Remember Taylor’s record-setting 2021? He led the league in 20-plus (14) and 40-plus (five) runs.
*Who’s Heinicke?: Everyone anticipated a return to Indy for Carson Wentz. A fractured finger canceled that. Instead, the Colts face Taylor Heinicke, who entered the league as an undrafted rookie with the Minnesota Vikings in 2015. He’s in his third season with the Commanders and might have found a home. Heinicke is 8-8 as a starter with Washington, including a 23-21 upset of Green Bay last Sunday at FedExField.
He made the necessary plays against the Packers, completing 20-of-33 passes for 201 yards with two TDs and one interception.
*Homecoming for McLaurin: Terry McLaurin is familiar with the Lucas Oil Stadium layout. The Commanders’ leading receiver is a Cathedral H.S. standout who was part of two state championships with the Irish at Lucas Oil and a pair of Big Ten titles with Ohio State.
“I’d be lying if I didn’t say it’s kind of cool to go back to where I grew up,’’ McLaurin said this week. “I was a Colts fan, sitting in Section 540 with my dad.’’
Washington selected McLaurin in the third round of the 2019 draft and quickly exceeded expectations. He’s looking for a third straight 1,000-yard season, and would become the franchise’s first to do so since Henry Ellard from 1994-96.
Here’s where we remind you the Colts selected Parris Campbell, another Ohio State standout wideout, in round 2 of 2019.

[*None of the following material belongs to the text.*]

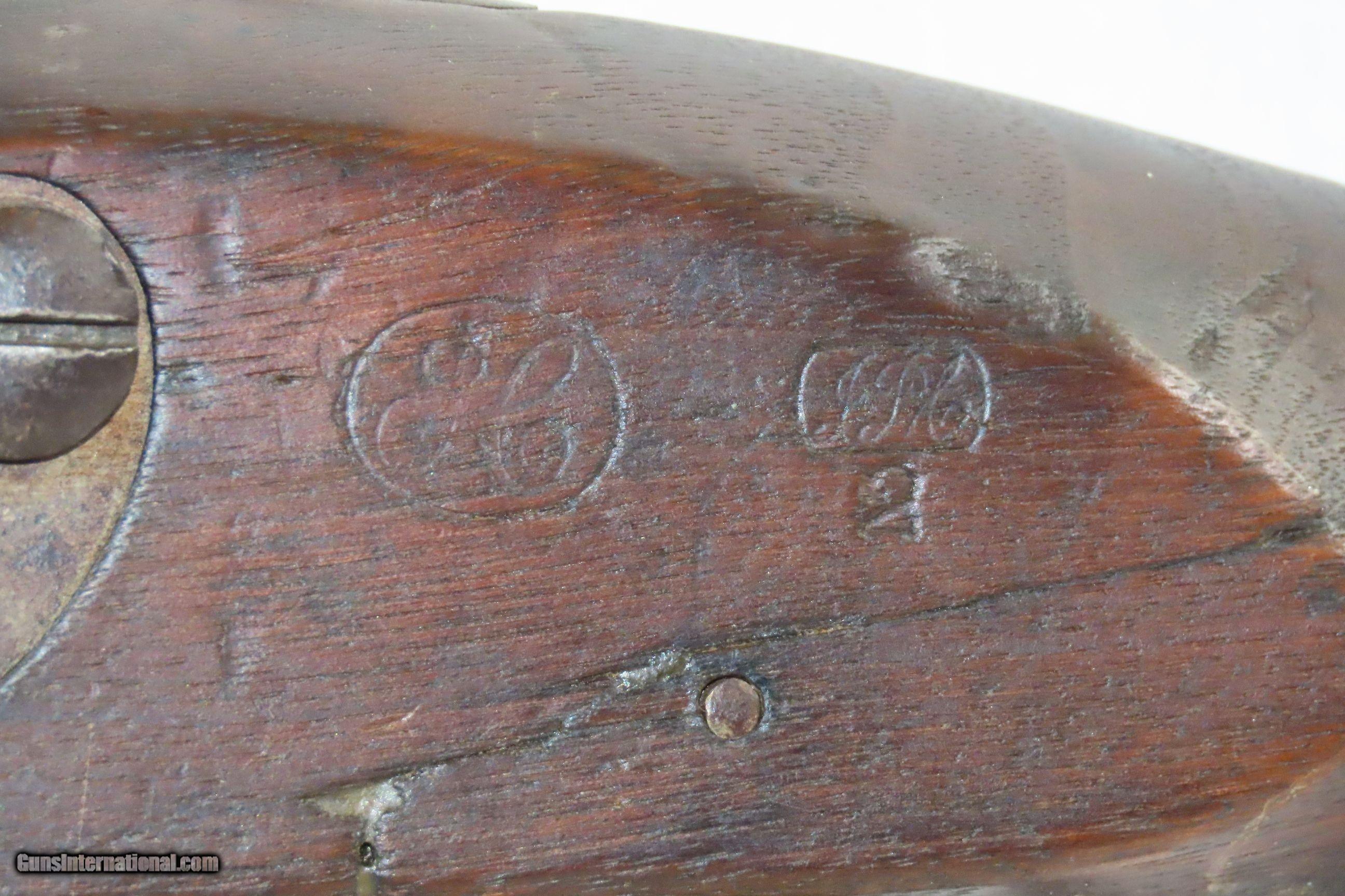 Description: WHITNEY ARMS Antique P. & EW BLAKE Model 1816 “CONE” Conversion MUSKET Converted Flintlock to Percussion Made in 1828 Here we present an antique first contract U.S. P. & E.W. Blake Model 1816 Percussion Conversion Musket, manufactured circa 1828 in New Haven, Connecticut. This musket was one of 15,000 muskets produced in this contract from the period between 1826 and 1830. Philos & Eli Whitney Blake were the nephews of Eli Whitney Sr. and were believed to be the trustees of the Whitney Armory after his death from 1823 until Eli Whitney Jr. coming of age in 1842. The War of 1812 revealed many weaknesses in American muskets. In an attempt to improve both the design and manufacture of the musket, the Model 1812 musket was created. The Model 1816 made further improvements and replaced the Model 1812. The M1816 was a smoothbore, muzzle loading weapon which used a .69 caliber musket ball. It was in production at Springfield (325,000) and Harpers Ferry (350,000) between 1816 to 1844 with around 675,000 muskets produced during this run. Additionally, more than a dozen contractors also made the Model 1816 Muskets, like this one, during its production years, adding more than 146,000 muskets for a grand total of 821,421 M1816 Muskets produced. It saw service during the Mexican-American War and was even pressed into service during the Civil War in both the updated percussion and the original flintlock format, due to the shortage of guns. In the 1850’s, many 1816’s went through the conversion from flintlock to percussion. These were some of the most abundant weapons available to both sides, being in the hands of state militias, in the first days of the American Civil War. The overall condition is good. Strong action. The bore has darkened but remains in good shape for its age. This example has a good stock, although there is a repaired crack around the wrist, of which is stable. A visible cartouche remnant is on the left stock flat. Legible markings. “JC”, for Sub-Ordnance Inspector James Carrington, is stamped on the barrel along with two cartouche marks on the left side of the stock. “US” is marked on the buttplate tang. The lock reads “US/ P. & E.W. BLAKE” & “NEW HAVEN/1828”. Here we have a nice Percussion Conversion musket that’s likely seen action in many conflicts! Own the original! This is a legitimate antique and not a reproduction. Barrel is 30 inches. Caliber: .69 Percussion Conversion Overall condition as seen in photos. Very Fast. Very Safe. FREE SHIPPING WORLDWIDE. Delivered directly to your door by express mail! Guaranteed AUTHENTIC & Includes CERTIFICATE OF AUTHENTICITY. ancestryguns $1800 #227586 SOLD Antique: Yes |

*And the winner is: Colts 17, Commanders 16: They’ll find a way. We’re anticipating an initial boost from Ehlinger, and we’re anticipating fewer debilitating mistakes. Maybe the return of Shaq Leonard, even on a pitch count, will result in a takeaway for the defense. We’re not on board with turning the season over to a QB who’s yet to throw a pass, but we’re curious to see how this unfolds.